Each line in the material below, starting at the one that contains "This show follows" and ending at the one that contains "Cinci persoane au", should be repeated exactly; the pictures should not.
*** RECORDS SUPPLIED ***
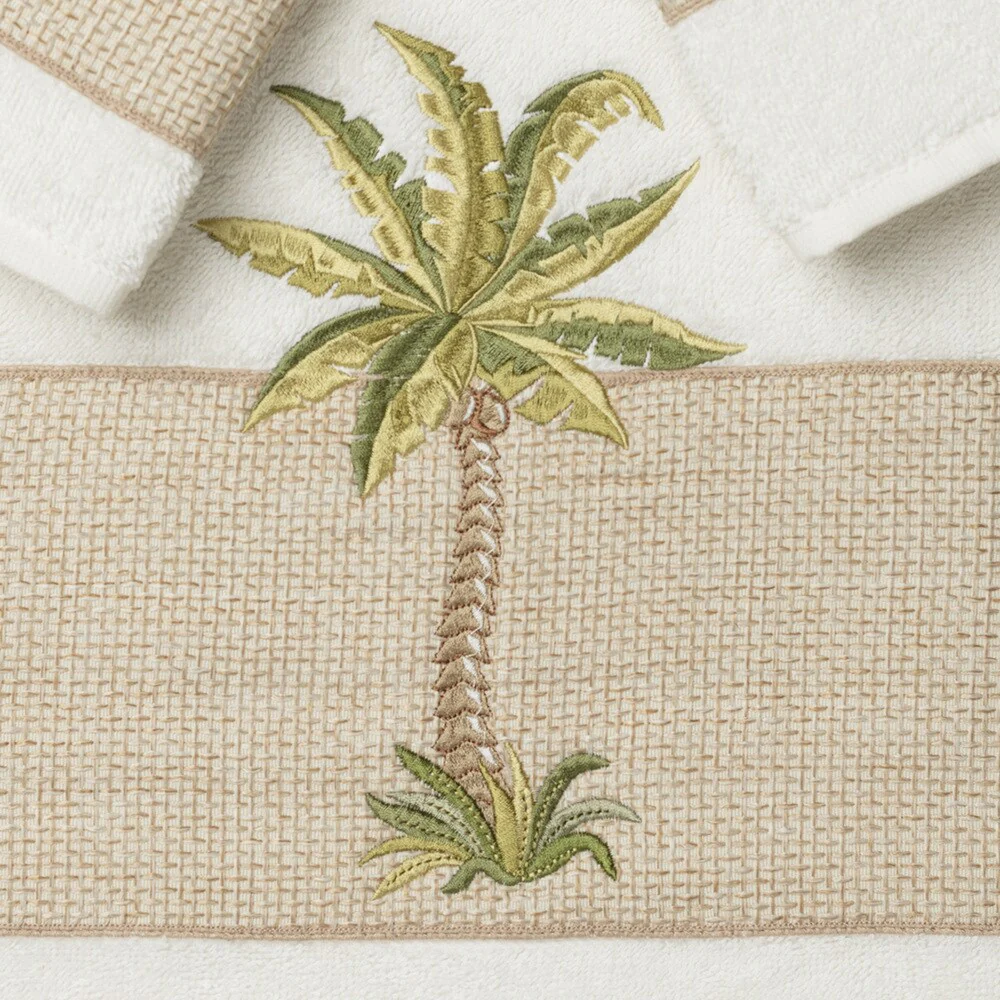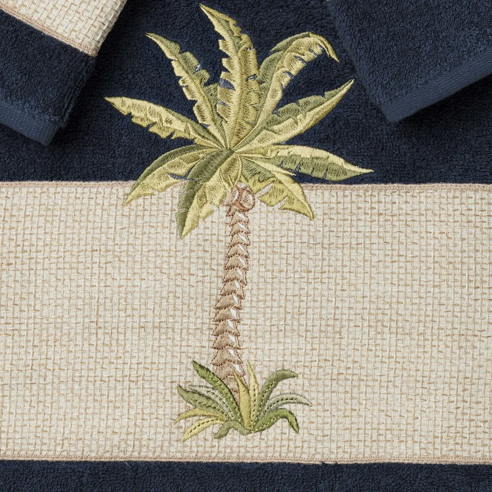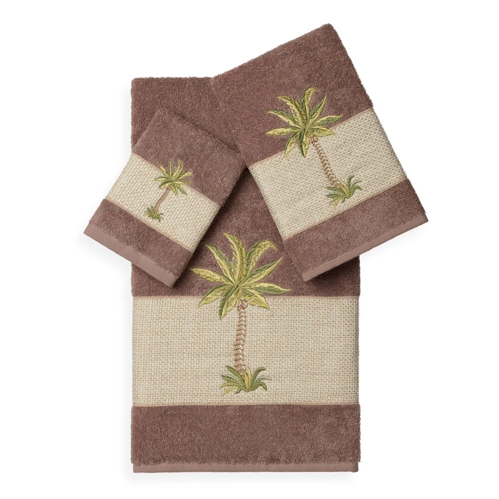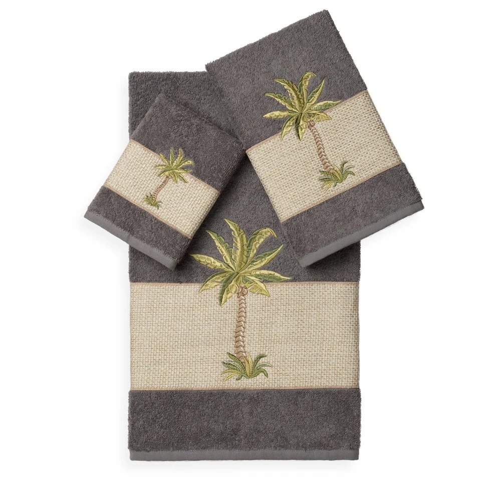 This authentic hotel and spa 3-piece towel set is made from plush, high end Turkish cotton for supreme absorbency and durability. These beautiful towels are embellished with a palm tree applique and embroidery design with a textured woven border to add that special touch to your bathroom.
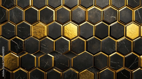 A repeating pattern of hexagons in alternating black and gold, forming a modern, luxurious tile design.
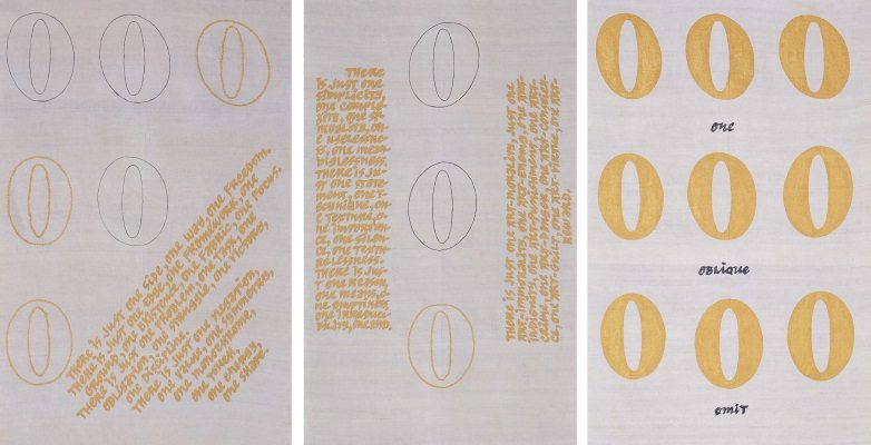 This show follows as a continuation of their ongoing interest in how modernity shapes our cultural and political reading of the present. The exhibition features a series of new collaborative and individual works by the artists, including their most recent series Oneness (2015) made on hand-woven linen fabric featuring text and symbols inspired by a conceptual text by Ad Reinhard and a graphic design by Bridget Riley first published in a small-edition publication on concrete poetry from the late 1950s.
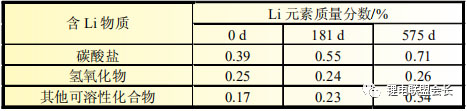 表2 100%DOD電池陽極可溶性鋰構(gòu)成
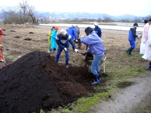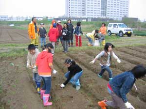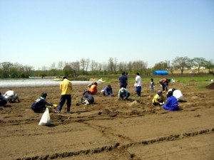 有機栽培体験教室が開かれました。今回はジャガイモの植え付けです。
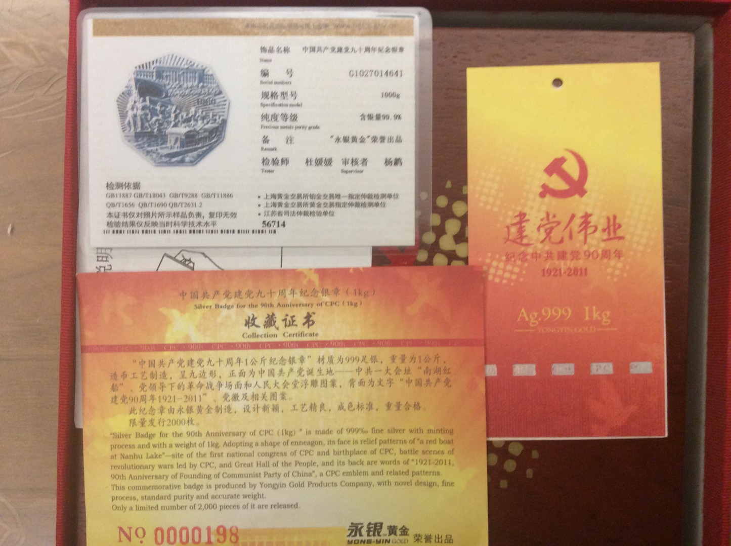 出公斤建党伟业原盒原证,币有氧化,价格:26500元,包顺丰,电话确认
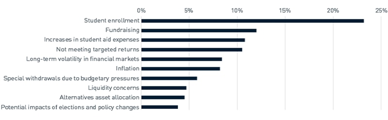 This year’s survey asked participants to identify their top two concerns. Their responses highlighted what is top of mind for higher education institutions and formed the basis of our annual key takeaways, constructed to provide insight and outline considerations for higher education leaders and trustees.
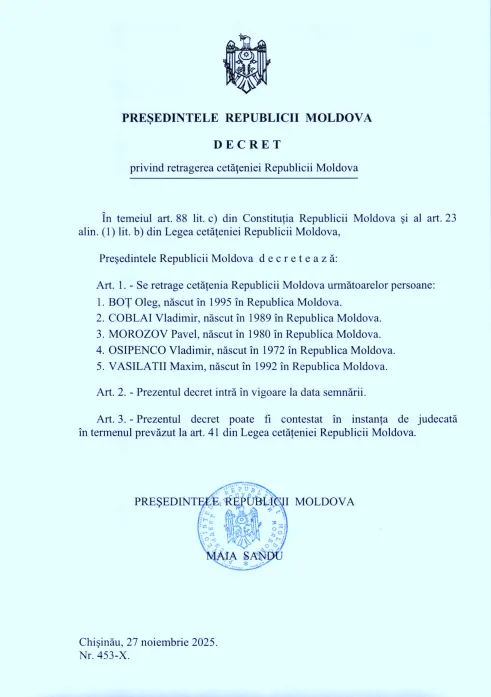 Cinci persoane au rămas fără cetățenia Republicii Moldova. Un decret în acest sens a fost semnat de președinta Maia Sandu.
*** End of RECORDS SUPPLIED ***
*** RECORDS SUPPLIED ***
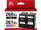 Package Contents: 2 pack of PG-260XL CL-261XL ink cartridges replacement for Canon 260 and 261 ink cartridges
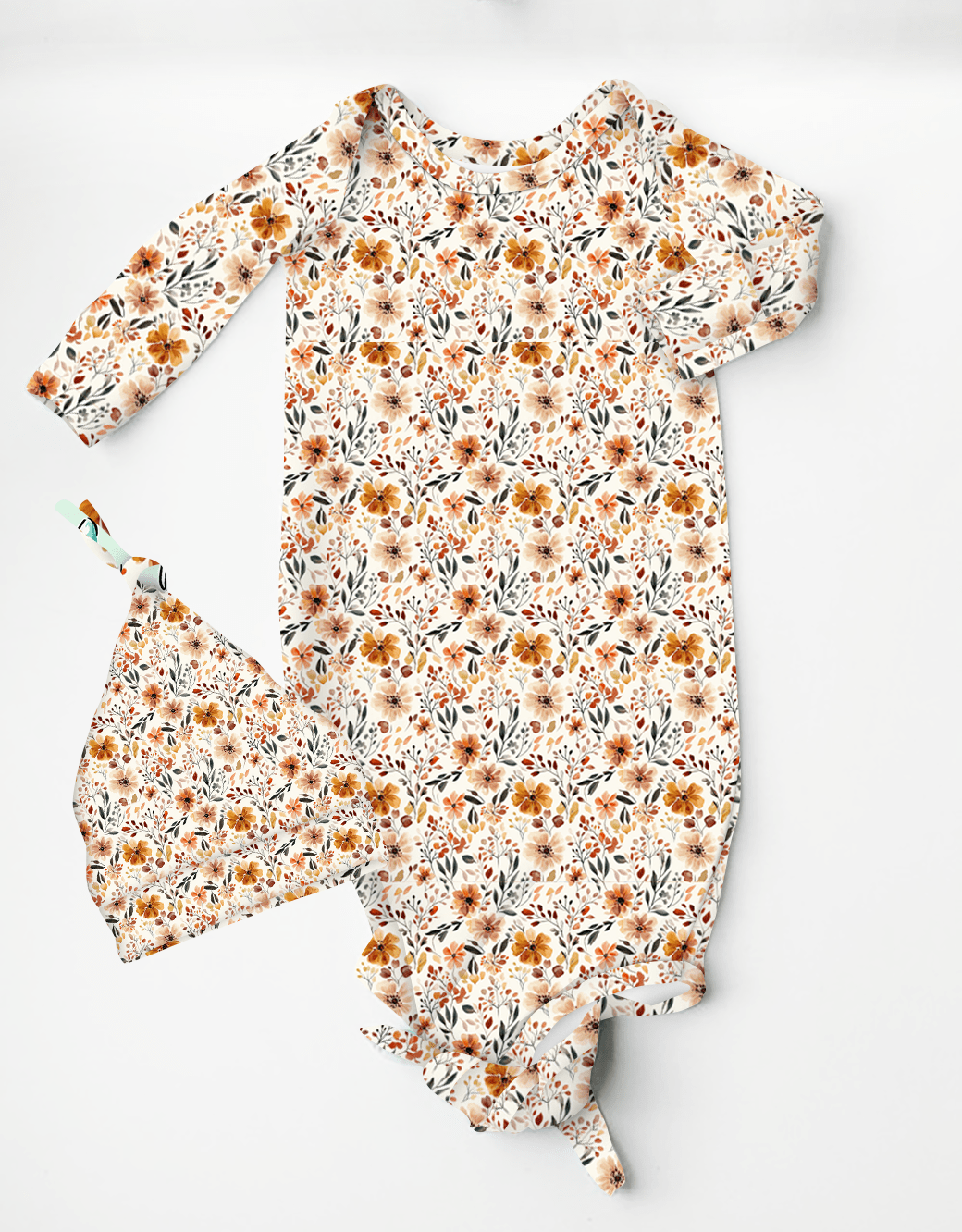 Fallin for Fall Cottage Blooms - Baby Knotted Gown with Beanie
*** End of RECORDS SUPPLIED ***
*** RECORDS SUPPLIED ***
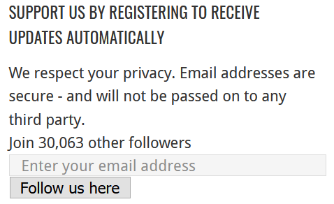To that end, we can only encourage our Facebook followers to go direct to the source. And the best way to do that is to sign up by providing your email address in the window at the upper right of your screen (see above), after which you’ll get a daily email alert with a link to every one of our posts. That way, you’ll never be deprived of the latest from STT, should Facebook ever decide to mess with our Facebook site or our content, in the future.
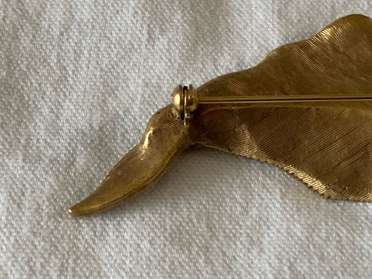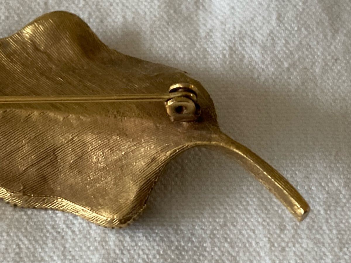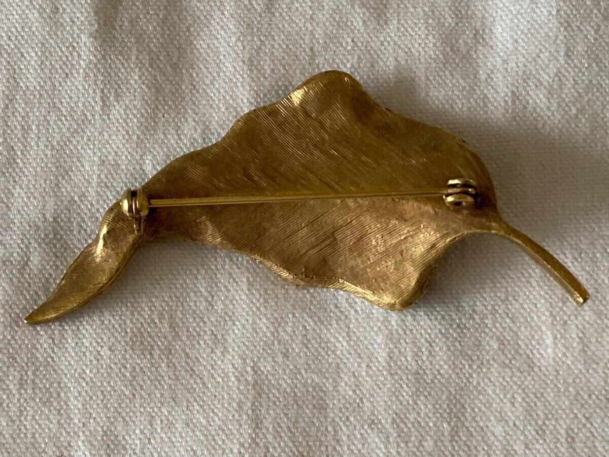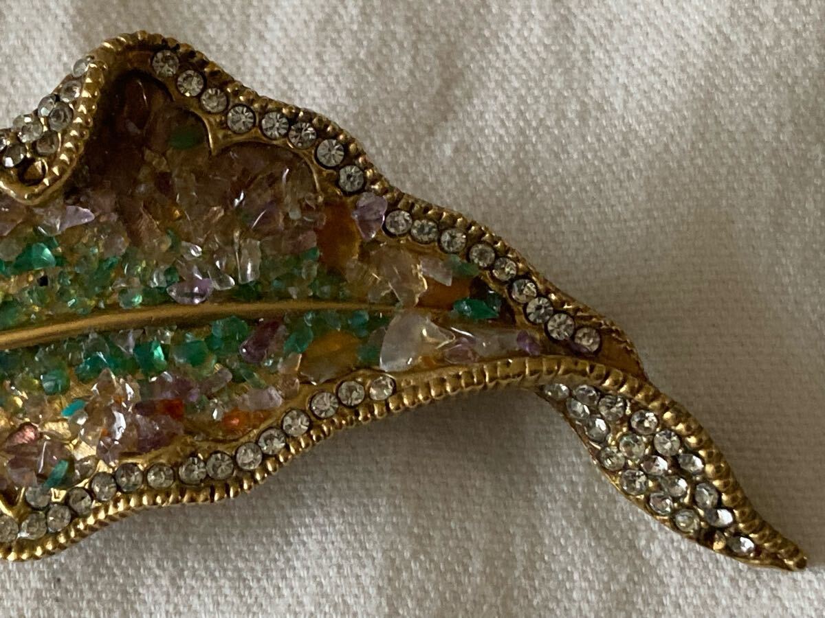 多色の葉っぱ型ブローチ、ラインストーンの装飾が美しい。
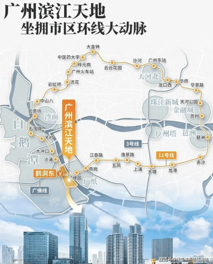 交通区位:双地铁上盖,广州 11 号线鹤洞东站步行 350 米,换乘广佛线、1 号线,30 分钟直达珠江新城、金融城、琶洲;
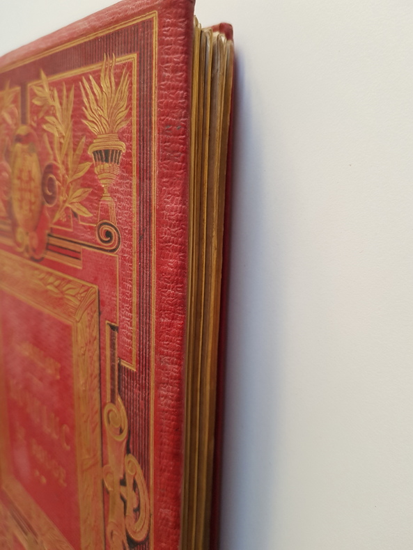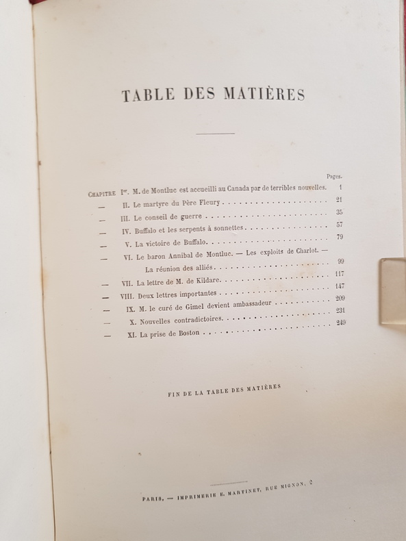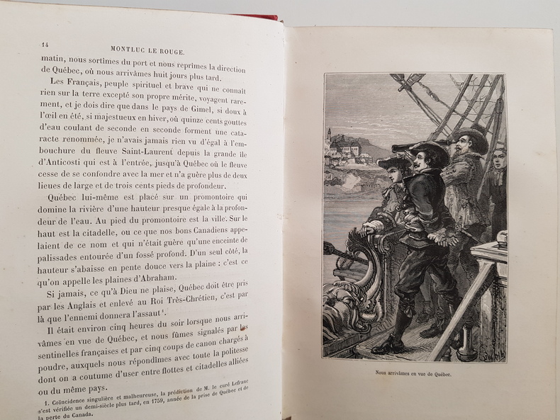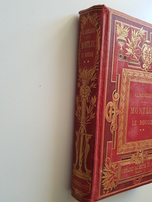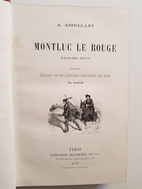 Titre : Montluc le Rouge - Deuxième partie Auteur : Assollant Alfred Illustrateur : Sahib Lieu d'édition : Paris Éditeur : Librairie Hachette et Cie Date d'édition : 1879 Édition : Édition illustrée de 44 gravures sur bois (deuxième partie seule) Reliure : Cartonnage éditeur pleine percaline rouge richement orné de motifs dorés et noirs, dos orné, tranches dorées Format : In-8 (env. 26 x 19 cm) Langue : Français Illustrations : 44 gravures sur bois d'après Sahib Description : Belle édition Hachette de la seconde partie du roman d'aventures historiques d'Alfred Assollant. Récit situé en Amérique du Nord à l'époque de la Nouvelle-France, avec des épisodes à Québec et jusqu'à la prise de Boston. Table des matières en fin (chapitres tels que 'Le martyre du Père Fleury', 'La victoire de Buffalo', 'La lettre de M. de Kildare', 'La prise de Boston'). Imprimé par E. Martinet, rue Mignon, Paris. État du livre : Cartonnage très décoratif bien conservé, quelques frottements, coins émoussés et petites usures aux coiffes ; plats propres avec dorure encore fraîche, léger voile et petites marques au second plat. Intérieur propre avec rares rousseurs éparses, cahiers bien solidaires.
*** End of RECORDS SUPPLIED ***
## [RESULT FOR THIS EXERCISE]
 This show follows as a continuation of their ongoing interest in how modernity shapes our cultural and political reading of the present. The exhibition features a series of new collaborative and individual works by the artists, including their most recent series Oneness (2015) made on hand-woven linen fabric featuring text and symbols inspired by a conceptual text by Ad Reinhard and a graphic design by Bridget Riley first published in a small-edition publication on concrete poetry from the late 1950s.
 表2 100%DOD電池陽極可溶性鋰構(gòu)成
 有機栽培体験教室が開かれました。今回はジャガイモの植え付けです。
 出公斤建党伟业原盒原证,币有氧化,价格:26500元,包顺丰,电话确认
 This year’s survey asked participants to identify their top two concerns. Their responses highlighted what is top of mind for higher education institutions and formed the basis of our annual key takeaways, constructed to provide insight and outline considerations for higher education leaders and trustees.
 Cinci persoane au rămas fără cetățenia Republicii Moldova. Un decret în acest sens a fost semnat de președinta Maia Sandu.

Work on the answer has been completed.